The numbers are different for stars of different sizes, because they have stronger or weaker gravitational pulls depending on their masses. A red dwarf with 30% the mass of the sun, for example, would have to get within 3 AU of another star's Oort Cloud object to snag it, Zubrin found.

He used all of this information (and more) to calculate the frequency of close stellar encounters, and to get a handle on their consequences. And the results were striking, if you'll pardon the pun.

He found that our sun has had about 47 close stellar encounters per billion years over the course of its 4.6-billion-year life, with about half of those flybys involving red dwarfs. That works out to about one encounter every 21 million years. 

This latter figure is intriguingly close to the inferred periodicity of mass extinctions here on Earth, which seem to occur every 20 million to 40 million years. Scientists have proposed that comet impacts are dealing these death blows, and have therefore come up with possible mechanisms that could send these icy wanderers screaming toward Earth at regular intervals.

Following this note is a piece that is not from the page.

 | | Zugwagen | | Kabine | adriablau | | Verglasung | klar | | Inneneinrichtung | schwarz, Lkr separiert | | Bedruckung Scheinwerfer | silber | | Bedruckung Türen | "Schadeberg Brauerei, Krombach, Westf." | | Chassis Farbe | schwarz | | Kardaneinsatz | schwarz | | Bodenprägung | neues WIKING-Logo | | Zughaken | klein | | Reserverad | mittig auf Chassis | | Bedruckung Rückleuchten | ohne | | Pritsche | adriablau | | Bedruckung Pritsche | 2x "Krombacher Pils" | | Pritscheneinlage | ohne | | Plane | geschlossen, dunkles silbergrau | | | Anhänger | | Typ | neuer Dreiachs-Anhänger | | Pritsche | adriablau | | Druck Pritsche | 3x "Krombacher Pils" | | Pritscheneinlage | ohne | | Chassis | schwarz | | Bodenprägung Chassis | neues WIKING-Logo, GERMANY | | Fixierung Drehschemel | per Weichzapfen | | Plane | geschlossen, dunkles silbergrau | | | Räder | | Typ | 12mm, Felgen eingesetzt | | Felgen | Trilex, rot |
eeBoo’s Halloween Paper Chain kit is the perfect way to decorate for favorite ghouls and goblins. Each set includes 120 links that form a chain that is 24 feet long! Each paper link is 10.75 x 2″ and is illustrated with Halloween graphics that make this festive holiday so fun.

For example, some researchers have posited that the sun has an undiscovered companion, dubbed Nemesis, which jostles our Oort Cloud every 26 million years or so. Others think this destabilization comes courtesy of a disk of galactic dark matter, which our solar system travels through on a similar timescale.

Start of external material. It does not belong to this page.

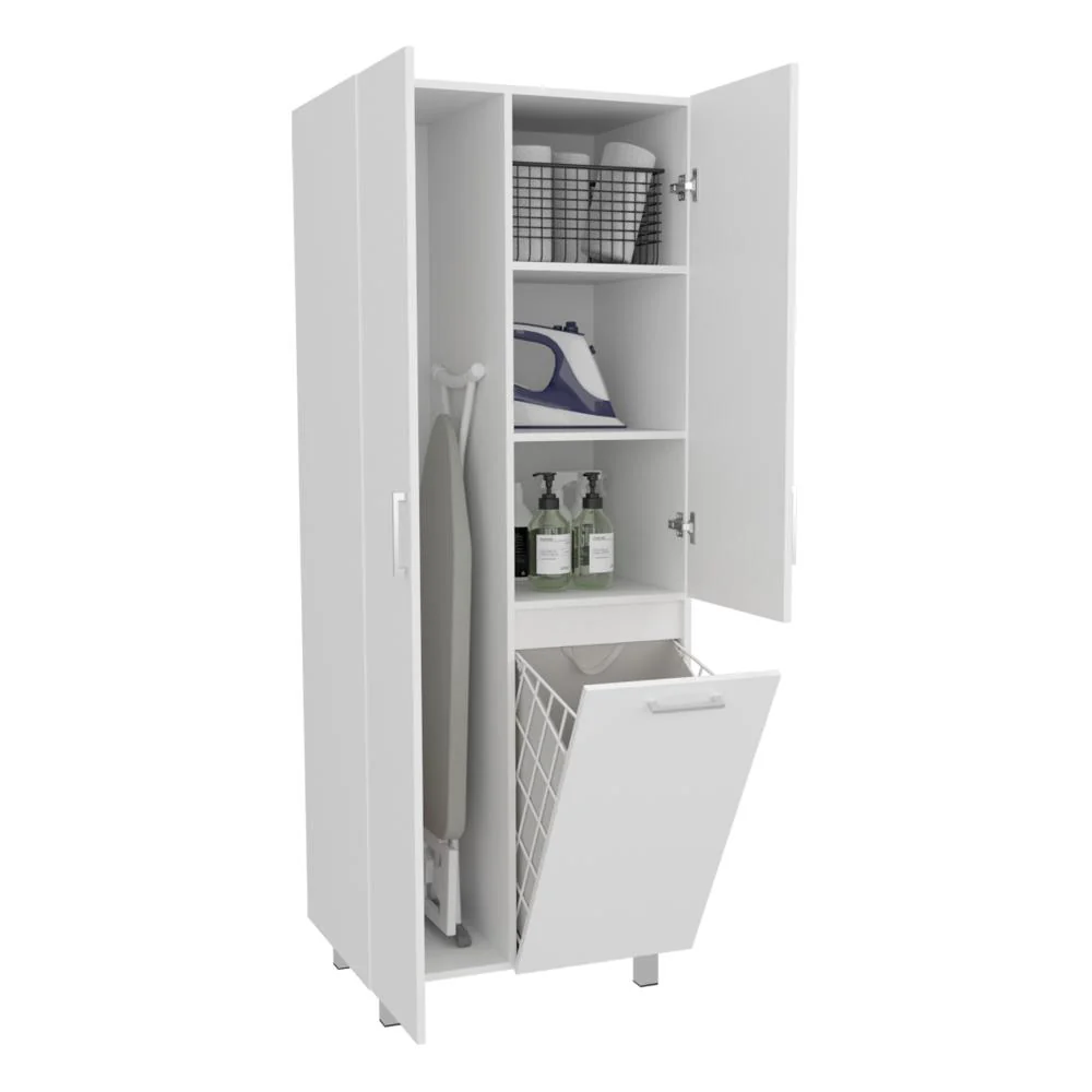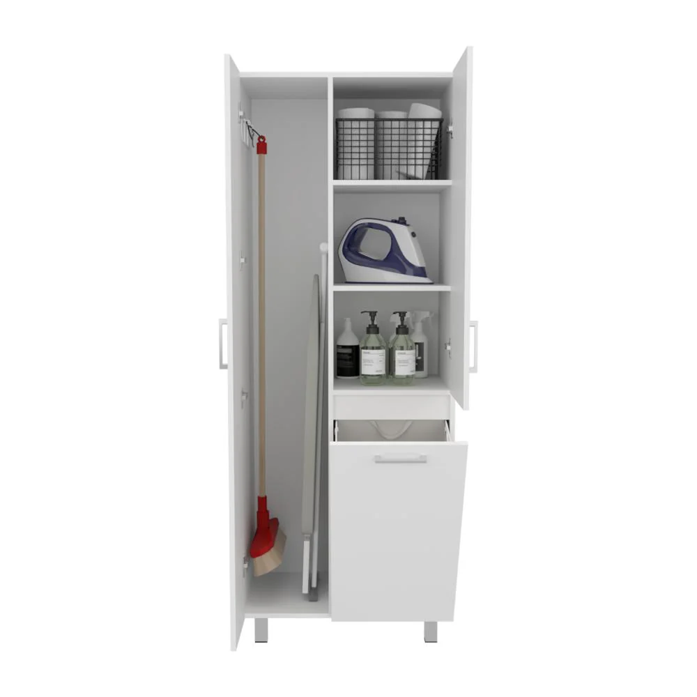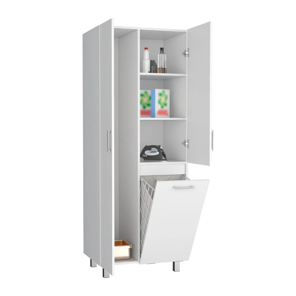 Muebles Aseo con espacio para ubicar objetos de aseo, incluye porta escobas, cesto para la ropa sucia, 3 puertas abatibles y es de facil instalación.

But Zubrin's work fingers alien comets, not those native to our own solar system, as the primary agents of destruction. 

His calculations also suggest that solar systems frequently trade material via such comet bombardments. For example, dust blasted off Earth by impacts can be pushed outward by sunlight pressure at 67,000 mph (108,000 km/h), Zubrin wrote — considerably faster than two stars are moving relative to each other in a typical close encounter. 

That means microbes could make the jump from our system to a temporary neighbor. And they could do so relatively quickly, avoiding extensive exposure to damaging deep-space radiation. (The idea that life has hopped from world to world, and perhaps even from solar system to solar system, is known as panspermia. There are multiple variants. For example, some scientists think Earth life was seeded intentionally by intelligent aliens — a concept known as directed panspermia.)

"Furthermore, even if ejected material fails to hit the passing solar system, it could become captured in the home solar system’s Oort Cloud," Zubrin wrote. "Such material, as well as dust particles containing microbes previously driven outward by the pressure of sunlight, could be stored for long periods in Oort Cloud objects in deep freeze under effective ice shielding until a subsequent encounter with a different passing stellar system causes it to be released and transferred at that time."

Our sun is more massive than 90% of the stars in the Milky Way, so our Oort Cloud is more extensive than most. This means that we've been the dominant donor in most stellar encounters, delivering about three times more cometary bombardments on other solar systems than we ourselves receive, Zubrin said. 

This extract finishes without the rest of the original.